0

I have a complex code and I am using when to make a new column under some conditions. Consider the following code:

 df.select(
    '*',
    F.when((A)|(B)|(C),top_val['val']).alias('match'))

let A,B and C are my conditions. I want to put an order on these conditions like this:

If A satisfied then don't check B and C If B satisfied then don't check C.

Is there any way to put this order?

user15649753
  • 475
  • 2
  • 12

1 Answers1

2

As stated in this blog and quoted in this answer, I don't think you can guarantee the order of evaluation of an or expression.

Spark SQL (including SQL and the DataFrame and Dataset API) does not guarantee the order of evaluation of subexpressions. In particular, the inputs of an operator or function are not necessarily evaluated left-to-right or in any other fixed order.
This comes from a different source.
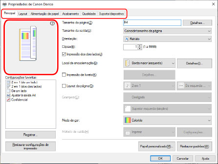 As configurações atuais são ilustradas na visualização. Clique na visualização, e você verá as funções de impressão básicas como impressão dos dois lados, local de encadernação, layout de página, etc.

For example, logical AND and OR expressions do not have left-to-right “short-circuiting” semantics.

However, you can nest the when() inside .otherwise() to form a series like this and achieve what you want:

df.select(
    '*',
    F.when((A),top_val['val'])
    .otherwise(F.when((B),top_val['val'])
                .otherwise(F.when((C), top_val['val']))).alias('match'))
viggnah
  • 1,709
  • 1
  • 3
  • 12